The sound she made behind her hands was the worst thing Xavier had ever heard.

He wanted to tell her that no other woman existed for him, so her trust made all the sense in the world.

Instead, he said nothing, keeping his cold gaze trained on her.

When Isabelle took her hands away her face had changed. The anger was gone. The tears were still there but they'd gone cold, and what replaced the anger was worse. It was clarity.

"You've already decided," she whispered. "Haven't you? You didn't come home to ask me. You came home because you'd already decided."

"That's not true,” he bit out. But it was true. The decision was a cold thing in his chest, wrapped up in jealousy, pain and an ancient wound.

"Look at me and tell me you believe this baby is yours.
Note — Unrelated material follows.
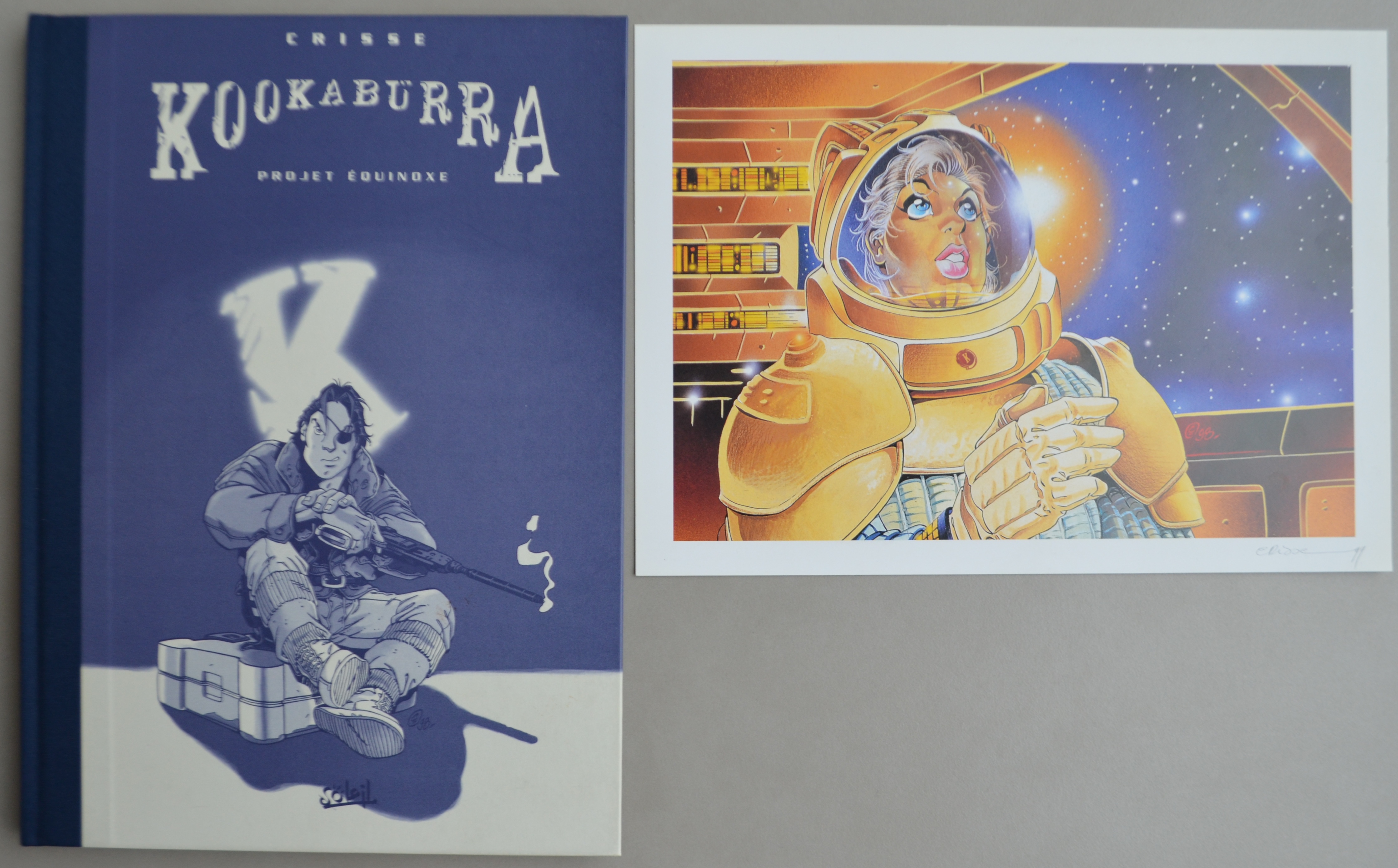 Crisse Kookaburra T3 - Projet Equinoxe + ex-libris - C - TT (1999) Perfecto estado - 500 ex. - Sol - firmado Crisse 500 ejemplares de esta edición líder (n ° 222) Un ex-libris. Dibujo inédito firmado por Crisse, Los pizarrones en blanco y negro de Kookaburra Volume 3. Así como un dossier de bocetos de diez páginas. Dorso de lienzo, formato 25 x 34.

Right now. Look at me and say it."

Xavier couldn't. He opened his mouth. He looked at this woman, his wife, the love of his life. I believe you, Isabelle. He could feel them in his throat. He could feel them pushing up against the locked room, pushing against the fear.

But they weren't strong enough. The fear won. The fear always won.

Instead, he said different words.

“I don’t believe you," he said, his voice sounding cold, hard, and foreign to his own ears. Xavier turned away, unable to look at her shattered expression. “I think that you should leave.”